Single‐crystal XRD data for the five compounds were collected on an Agilent Technologies SuperNova dual‐wavelength CCD diffractometer with Mo‐Kα radiation (λ = 0.71073 Å) at 293 K. Data reduction was performed with CrysAlisPro, and absorption corrections based on the multiscan method were applied.^{[ 47 ]} The single crystal structures were determined by the direct methods refined by full‐matrix least‐squares fitting on F² using SHELXL‐97.^{[ 48 ]} All of the atoms were refined with anisotropic thermal parameters and finally converged for F ₀ ² ≥ 2σ(F ₀ ²).
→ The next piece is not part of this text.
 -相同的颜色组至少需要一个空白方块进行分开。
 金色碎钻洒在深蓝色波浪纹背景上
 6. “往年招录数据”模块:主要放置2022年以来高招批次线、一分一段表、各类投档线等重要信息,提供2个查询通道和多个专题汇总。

The structural data were also checked for possible missing symmetry with the program PLATON, and no higher symmetry was found.^{[ 49 ]} Crystallographic data and structural refinements of Ln₂F₂(OH₂)(MoO₃)₂(SeO₃)₂ (Ln = Sm‐Dy) are listed in Table 1. The selected bond distances are listed in Table S1 (Supporting Information).

Powder X‐ray diffraction (PXRD) patterns were collected on a Rigaku MiniFlex II diffractometer using Cu‐Kα radiation in the angular range of 2θ = 5−65° with a step size of 0.02°.
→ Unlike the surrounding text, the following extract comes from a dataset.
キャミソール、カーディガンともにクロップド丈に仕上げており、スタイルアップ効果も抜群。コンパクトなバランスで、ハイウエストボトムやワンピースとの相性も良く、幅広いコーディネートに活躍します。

Microprobe elemental analyses and the elemental distribution maps were measured on a field‐emission scanning electron microscope (FESEM, JSM6700F) equipped with an energy‐dispersive X‐ray spectroscope (EDS, Oxford INCA).

FTIR spectra were carried out on a Magna 750 FT‐IR spectrometer using KBr as the diluent in 4000–400 cm⁻¹ with a resolution of 2 cm⁻¹ at room temperature.
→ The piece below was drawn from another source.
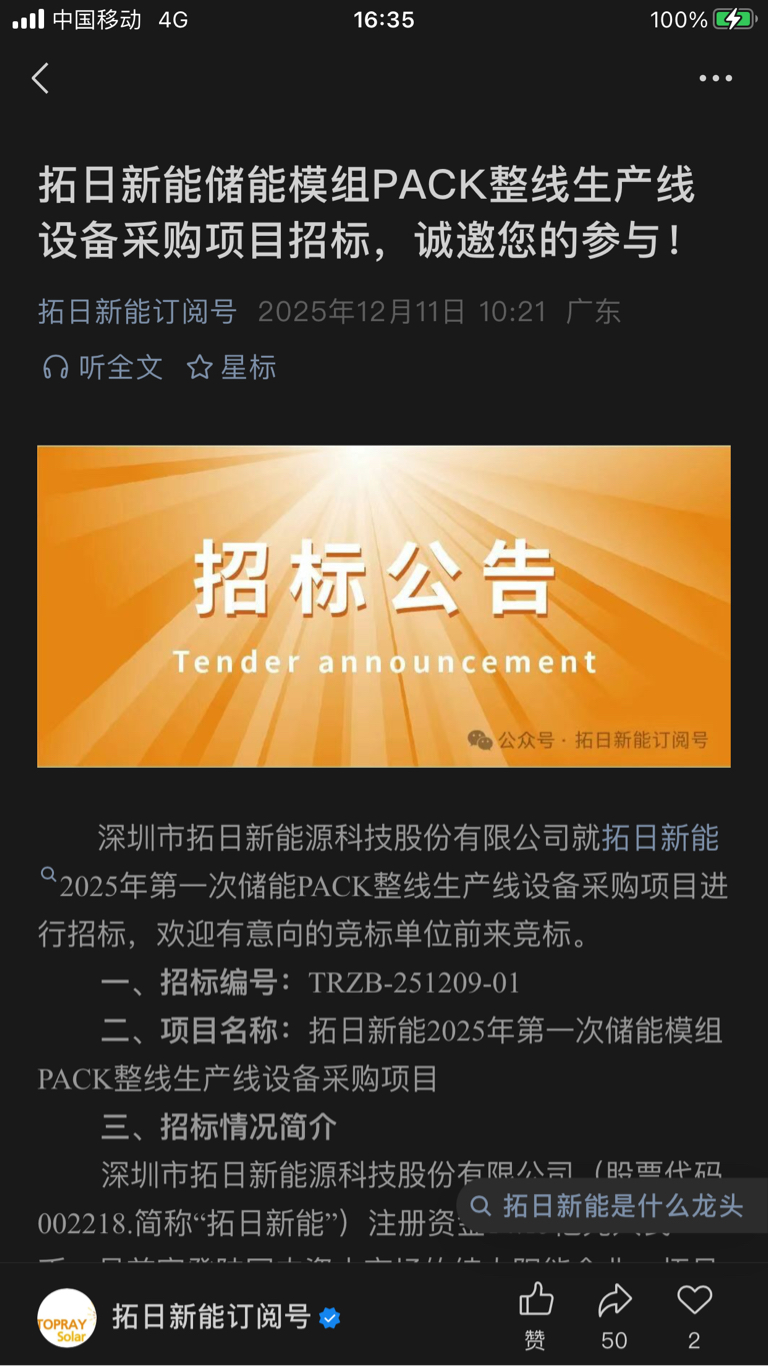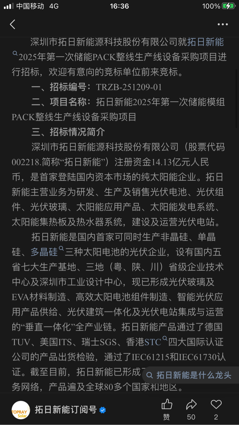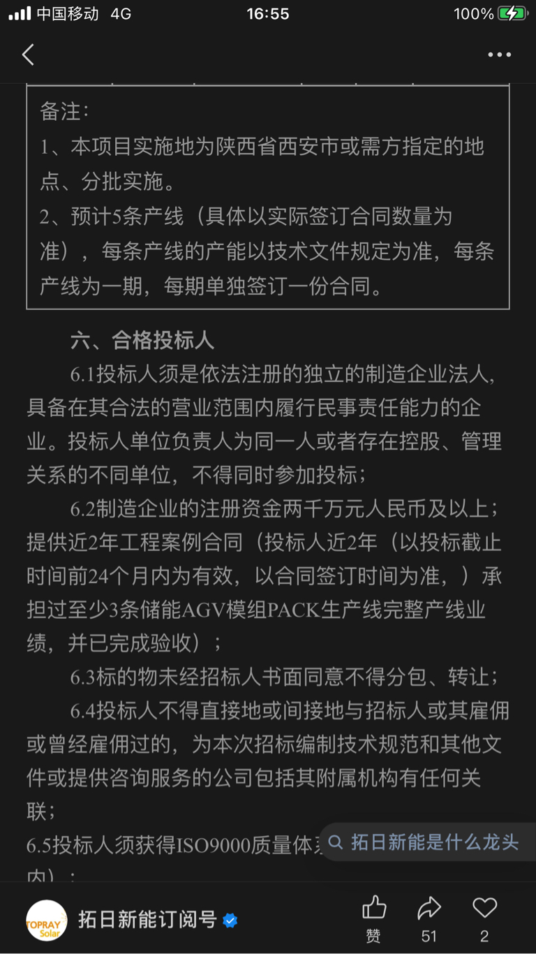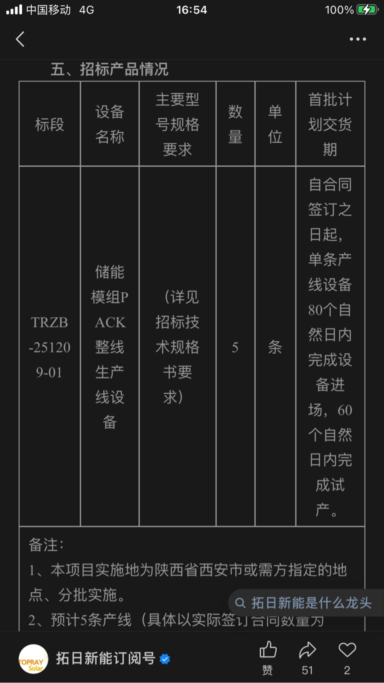 12月26日钙钛矿电池第一期5条生产线开标,90天安装,60天调试完成生产!明天

The UV–vis–NIR diffuse reflectance spectra were measured at 200–2500 nm by a PE Lambda 900 UV–vis–NIR spectrophotometer using BaSO₄ as the reference. Absorption data was calculated from the diffuse reflection data by the Kubelka‐Munk function: α/S = (1‐R)²/2R, where α and S represent the absorption coefficient and the scattering coefficient, respectively.^{[ 50 ]}

Thermogravimetric analysis (TGA) was performed on a Netzsch STA 449C instrument with a heating rate of 15 °C min⁻¹ under a nitrogen atmosphere from 30 to 1000 °C.

Thermogravimetric‐Mass spectrometer (TG‐MS) analysis was performed on synchronous thermal analyzer (model STA 449 F5) and mass spectrometer (model QMS403C).

Powder SHG measurements were conducted using a modified method of Kurtz and Perry.^{[ 51 ]} Irradiation laser (λ = 1064 nm and λ = 2.05 µm) is generated by a Nd:YAG solid‐state laser equipped with a Q switch. The Gd₂F₂(OH₂)(MoO₃)₂(SeO₃)₂ pure crystal samples ground into powder were sieved according to seven different particle size ranges (45−53, 53−75, 75−105, 105−150, 150−210, and 210−300 µm). KH₂PO₄ (KDP) and KTiOPO₄ (KTP) samples in the same size ranges were also prepared, which were used as reference. SHG signals oscilloscope traces of Ln₂F₂(OH₂)(MoO₃)₂(SeO₃)₂ (Ln = Sm‐Dy) and KDP/KTP samples in the particle size range (150−210 µm) were recorded.

Photoluminescent properties including the emission and excitation spectra in solid state were measured on a FLS920 Edinburgh fluorescence spectrometer.

[Further details of the crystal structure investigation(s) may be obtained from the Fachinformationszentrum Karlsruhe, 76344 Eggenstein‐Leopoldshafen (Germany), on quoting the CCDC depository numbers 2213643−2213647].

Conflict of Interest

The authors declare no conflict of interest.

Supporting information

Supporting Information

Ma Y.‐X., Li P.‐F., Hu C.‐L., Mao J.‐G., Kong F., Ln₂F₂(OH₂)(MoO₃)₂(SeO₃)₂: Promising Multifunctional Nonlinear Optical Materials Created by Partial Fluorination Strategy under Corrosion Resistant Supercritical Reactions. Adv. Sci. 2023, 10, 2304463. 10.1002/advs.202304463

Data Availability Statement

The data that support the findings of this study are available from the corresponding author upon reasonable request.